Your latest crm status would show something like this:
```
============
Last updated: Mon May 14 01:13:23 2012
Stack: openais
Current DC: node1 - partition with quorum
Version: 1.1.1-b9b672590e79770afb63b9b455400d92fb6b5d9e
2 Nodes configured, 2 expected votes
2 Resources configured.
============

Online: [ node1 node2 ]

 ip (ocf::heartbeat:IPaddr):    Started node1
 mysql  (ocf::heartbeat:mysql): Started node2
```
As you can see, mysql has been started on Node 2. Actually it doesn’t matter in which node it will start first (for this tutorial, not for the production server), what important is that if one of the nodes is down, the other node should start its MySQL automatically. You can test this situation by running these commands in your Node 2 to simulate a node failure:
```
crm
node
standby
quit
```
crm status would show something like this (give Node 1 some time before it starts its MySQL):
```
============
Last updated: Mon May 14 01:21:12 2012
Stack: openais
Current DC: node1 - partition with quorum
Version: 1.1.1-b9b672590e79770afb63b9b455400d92fb6b5d9e
2 Nodes configured, 2 expected votes
2 Resources configured.
============

Node node2: standby
Online: [ node1 ]

 ip (ocf::heartbeat:IPaddr):    Started node1
 mysql  (ocf::heartbeat:mysql): Started node1
```
Right now, your client can use the cluster IP (192.168.1.100) to connect to your MySQL. The client won’t realize which node it connected to. In this case, he/she will connect to Node 2 if both of them (the nodes) are online.
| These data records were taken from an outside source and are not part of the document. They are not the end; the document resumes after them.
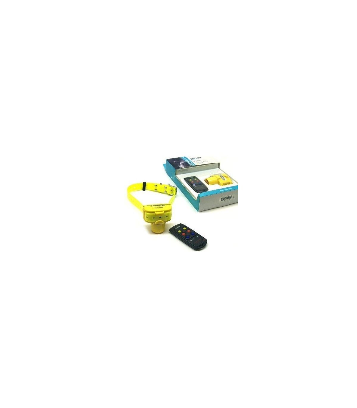 IT HAS THE SAME CHARACTERISTICS OF TRADITIONAL CANIBEEP, BUT IT HAS THE REMOTE CONTROL, TOO. IT OPERATES 1 UP TO 3 CANIBEEP COLLARS. DIMENSIONS: CM 8.6 x 3.8 x 4.8. WEIGHT: GR 78. BATTERIES INCLUDED. BATTERY LIFE: 100 HOURS. AUDIBLE UP TO 250 METERS. PLASTIC CANVAS WASHABLE ADJUSTABLE STRAP. COLOUR: YELLOW. MADE IN FRANCE.
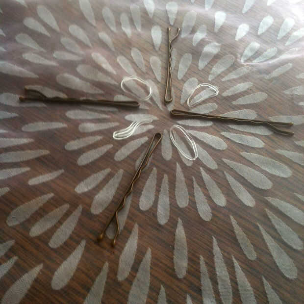Primero, reúna los suministros: en este caso, sólo usé horquillas, elástico del pelo claro y un par de tijeras especiales para bebés.
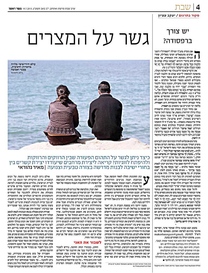 פורסם במוסף 'שבת', 'מקור ראשון', י"ט אב תשע"ג, 26.7.2013
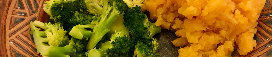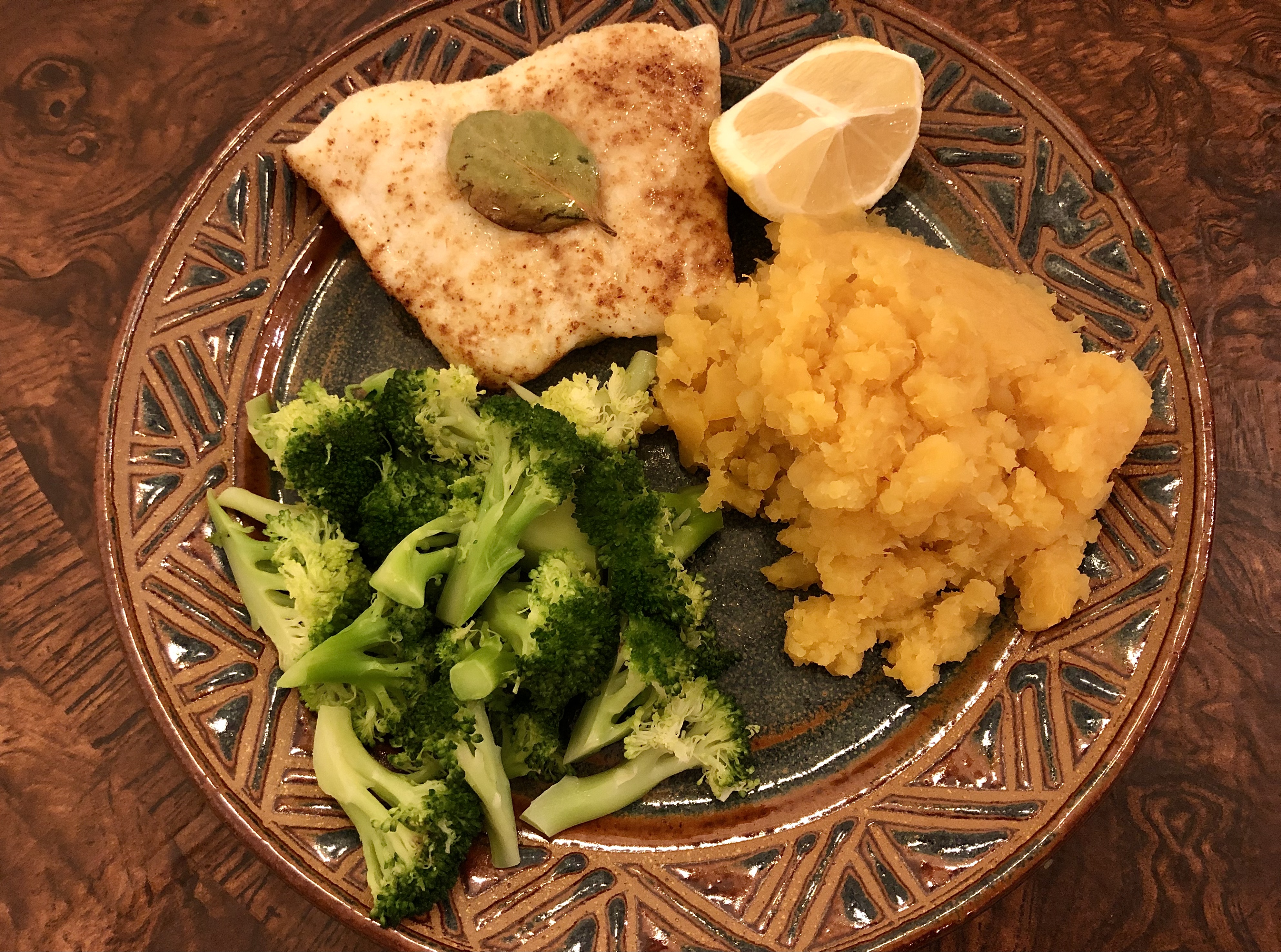 John cooks the sea bass in the oven at 400F and has to stagger the fish cooking times since one piece is thick and takes about 16 minutes and the other is thin and takes about 2-3 minutes less. Starting before the fish, I cooked the rutabaga which I peeled and cut into small chunks in the Instant Pot for 15 minutes. I used a delayed pressure release and then mashed it up with a tablespoon of light butter. The broccoli had a quick steam/sauté and was finished with the light butter as well.
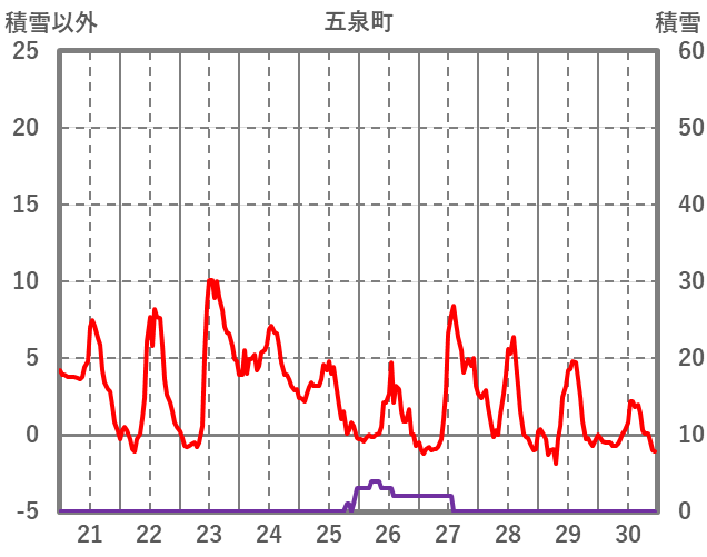 | 日 | 時 | 気温 | 降水 | 風向/風速 | 日照 | 積雪 | 降雪 |
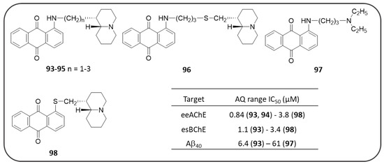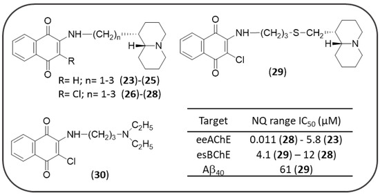 In 2015, Sparatore F. et al. described the multitarget profile of a library of thioxanthene-9-one, xanthen-9-one, NQ (Figure 8) and AQ derivatives (see Figure 18) decorated with a basic side chain of variable length (dialkylaminoalkyl and quinolizidinylalkyl chains) [125]. These molecules were tested against electric eel AChE (eeAChE) and equine serum BChE (esBChE) and the spontaneous Aβ40 aggregation. In particular, most of NQs 23–30 proved to be dual but AChE-preferring inhibitors (IC50 = 0.011–5.8 µM) over BChE, while Aβ40 aggregation was poorly inhibited (29, IC50 = 61 µM) or not affected. Regarding the influence of the polymethylene linker tethering the NQ scaffold to the basic moiety, its elongation was responsible for an increase of the ChE inhibitory potencies. However, a remarkable 37-fold decrease of AChE inhibition was observed when the trimethylene linker of 28 (IC50 = 0.011 µM) was further elongated of two units (29, IC50 = 0.41 µM). Compound 28 confirmed the same degree of activity against the human AChE (hAChE, IC50 = 0.04 µM). As lead of NQ subset, it was also investigated for its ability to cross the BBB by passive diffusion, βand to interact with P-glycoprotein (P-gp), which is involved in the efflux transport of drugs: it showed an efflux ratio (ER) equal to 0.78 comparable to that of diazepam (ER = 0.79), used as reference compound. In vitro assay for cytotoxicity against the neuroblastoma cell line SH-SY5Y revealed for compound 28 a low IC50 value of 3.6 µM, but a good selectivity ratio (toxicity/AChE inhibition) equal to 327.
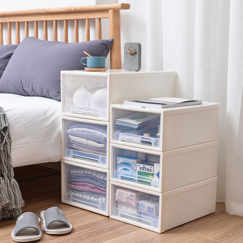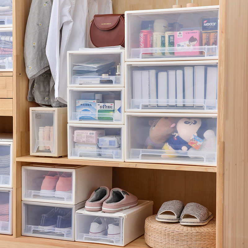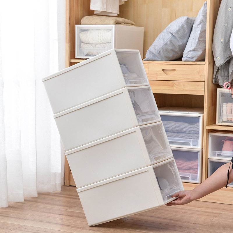 Drawer-type clothes containing box plastic home wardrobe transparent containing box toy finishing box clothing lockers-Taobao
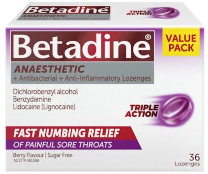 Betadine Anaesthetic Berry Flavoured Lozenges provide fast, soothing relief from sore throats caused by irritation, inflammation, minor infections, or vocal strain. Each sugar-free lozenge combines a local anaesthetic, anti-inflammatory agent and mild antiseptic to numb pain, calm swelling and help reduce the presence of bacteria in the throat.
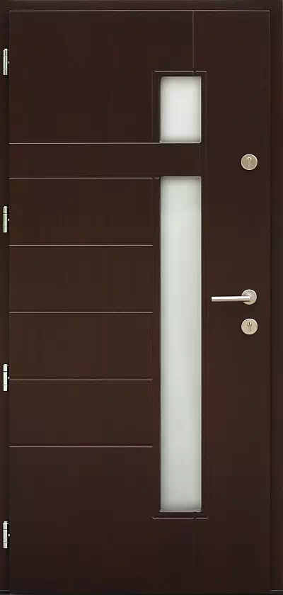W tym modelu drzwi zewnętrznych modyfikacji może podlegać szerokość szyb, szerokość szprosu rozdzielającego szyby, oraz ilość poziomych frezów. Powyższy, przykładowy egzemplarz drzwi zewnętrznych został wymalowany na kolor: dąb bagienny.
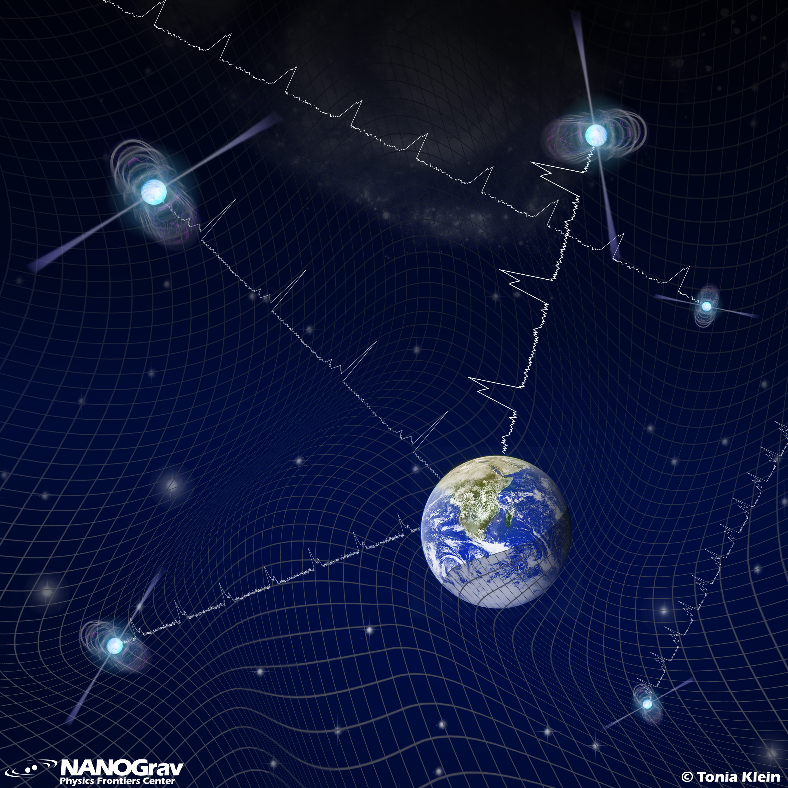 Illustrazione rappresentativa della Terra nello spazio-tempo deformato dal fondo di onde gravitazionali e gli effetti della deformazione sui segnali radio provenienti dalle pulsar osservate. Crediti: NanoGrav / T. Klein
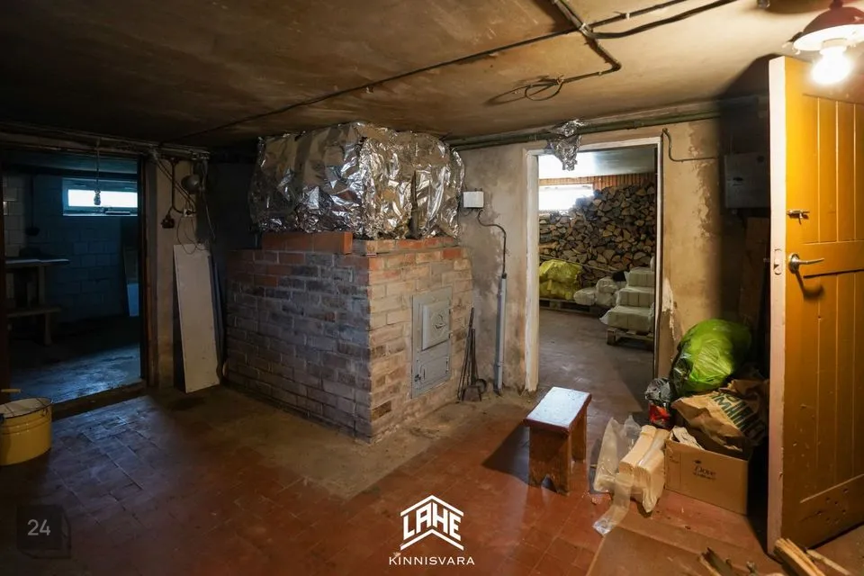Hoonel on betoonist valatud põrandatega täiskelder, kus paikneb saun koos pesu- ja eesruumiga. Keldris asub ka tahkepuidukatel ning ruumid nii hoidiste kui ka küttepuude tarbeks.
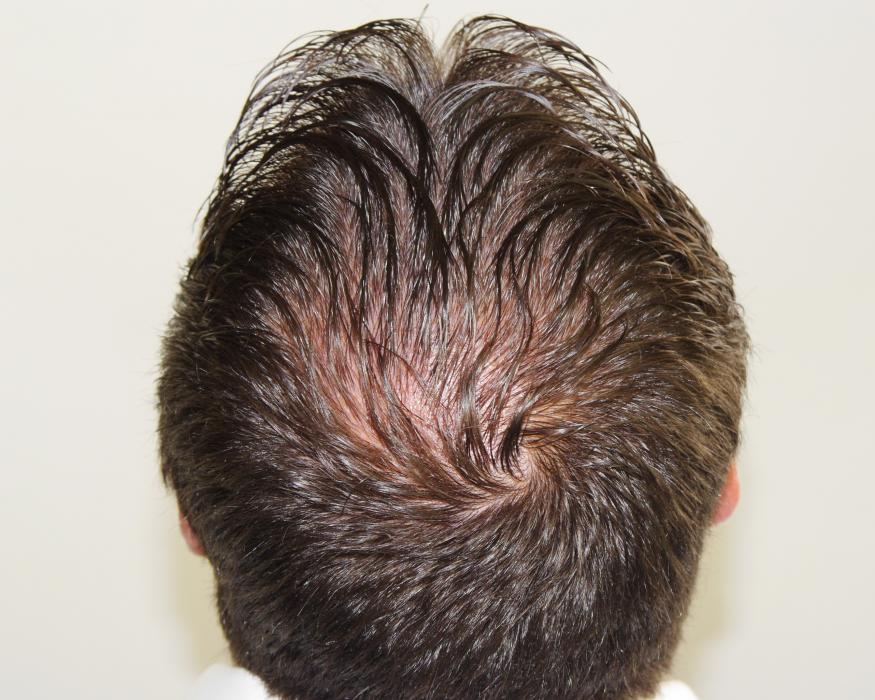 Pictured is a 35 year old male who had 2063 FUT grafts placed in the frontal corners and crown during 1 session. The photos show before surgery, immediate post-op, and 1 year post-op. The patient is very pleased with results.
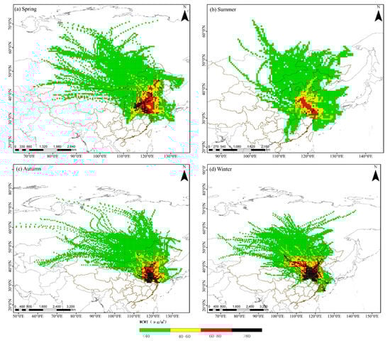 | Proportion (%) | Average (μg/m3) | Proportion of Seasonal Total Polluted Trajectories (%) | Average (μg/m3) | ||
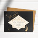 Invitez la famille et les amis à la remise des diplômes de vos proches avec cette invitation de fête de graduation de script doré amusant, avec un grand design de chapeau de diplômé de fête et de gland. Personnalisez avec les informations de votre fête de graduation.
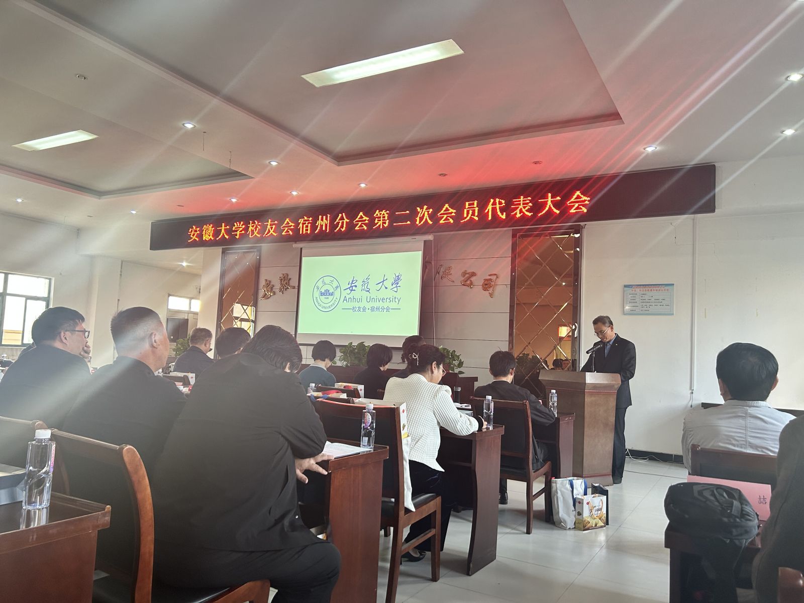 錢家盛代表母校向上一屆理事會(huì)的辛勤付出表示衷心感謝,向當(dāng)選的新一屆理事和大會(huì)的勝利召開表示熱烈祝賀,并介紹了母校“雙一流”建設(shè)以來取得的突出成就。錢家盛指出,校友是母校的靚麗名片,是安大精神的傳承者、踐行者,是安大辦學(xué)聲譽(yù)的傳播者、提升者。加強(qiáng)和改進(jìn)新時(shí)代校友工作,是實(shí)現(xiàn)建校百年奮斗目標(biāo)的必由之路。錢家盛表示,希望宿州校友分會(huì)堅(jiān)持服務(wù)校友、服務(wù)母校、服務(wù)社會(huì),將分會(huì)建設(shè)成為校友聯(lián)絡(luò)平臺(tái)、宣傳推廣基地、資源集聚中心、合作發(fā)展紐帶,為宿州校友事業(yè)進(jìn)步、母校“雙一流”建設(shè)事業(yè)高質(zhì)量發(fā)展和宿州經(jīng)濟(jì)社會(huì)發(fā)展做出更大貢獻(xiàn)。
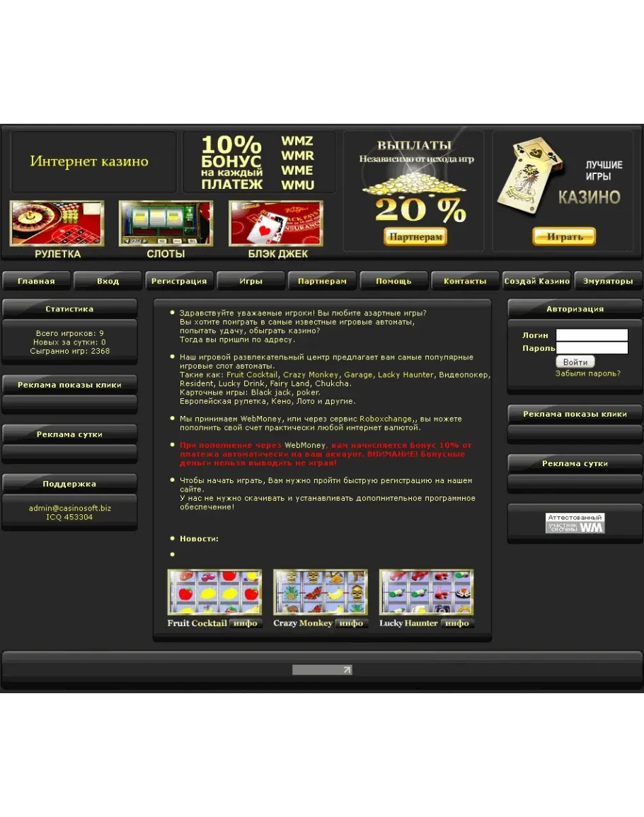 админка казино: http://koloda.in/adm/ логин/пароль: admin/admin
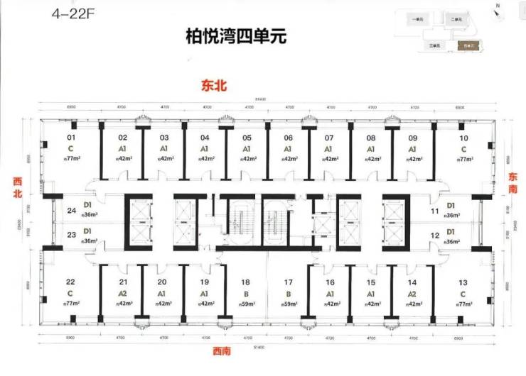 四单元公寓户型平面图
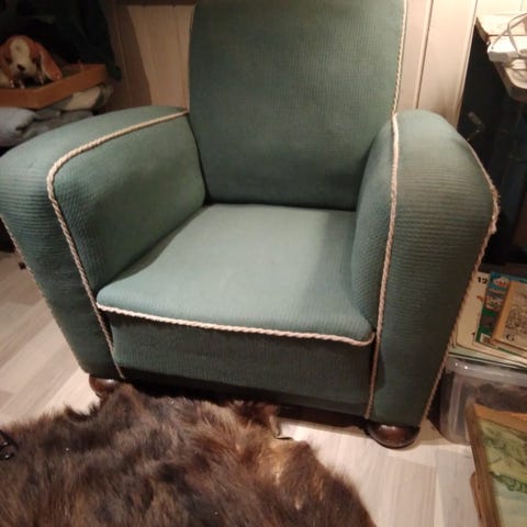En særpreget stol med broderi på stramei, ingen slitasje (stolen er fra min gamle, barnløse tante , og ingen andre enn dukken hennes fikk sitte der)
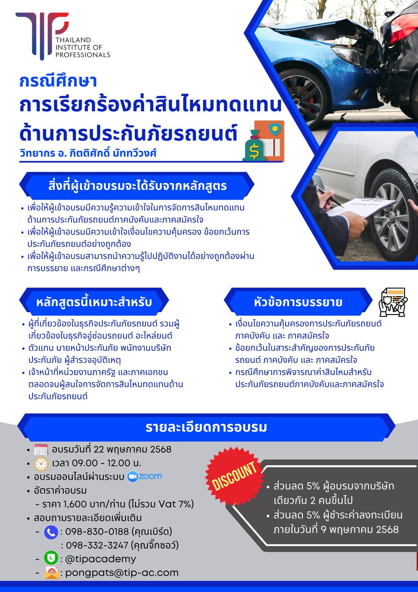 📝 หลักสูตร กรณีศึกษาการเรียกร้องค่าสินไหมทดแทนด้านการประกันภัยรถยนต์

If Node 2 is offline, 192.168.1.100 will automatically connect the client to MySQL in 192.168.1.101. If Node 1 is offline, 192.168.1.100 will automatically uses MySQL in Node 2 which is in 192.168.1.102.
To reonline Node 2, just use these commands in your Node 2:
```
crm
node
online
quit
```

However, usually you want to control which MySQL will be up first, either in Node 1 or in Node 2. To make this happen, you need to use colocation:

crm
configure
colocation ip-mysql inf: ip mysql
commit
quit

crm status would show something like this:

============
Last updated: Mon May 14 01:26:41 2012
Stack: openais
Current DC: node1 - partition with quorum
Version: 1.1.1-b9b672590e79770afb63b9b455400d92fb6b5d9e
2 Nodes configured, 2 expected votes
2 Resources configured.
============

Online: [ node1 node2 ]

 ip (ocf::heartbeat:IPaddr):    Started node1
 mysql  (ocf::heartbeat:mysql): Started node1

That means, your mysql has been started on Node 1. So, everytime corosync is started on both of the nodes, mysql will be started on Node 1 due to the colocation configuration.

Try turning off Node 1 or Node 2 and see how MySQL switches side from both of the nodes.

I think that’s it, next tutorial should be mainly about DRBD. Good luck!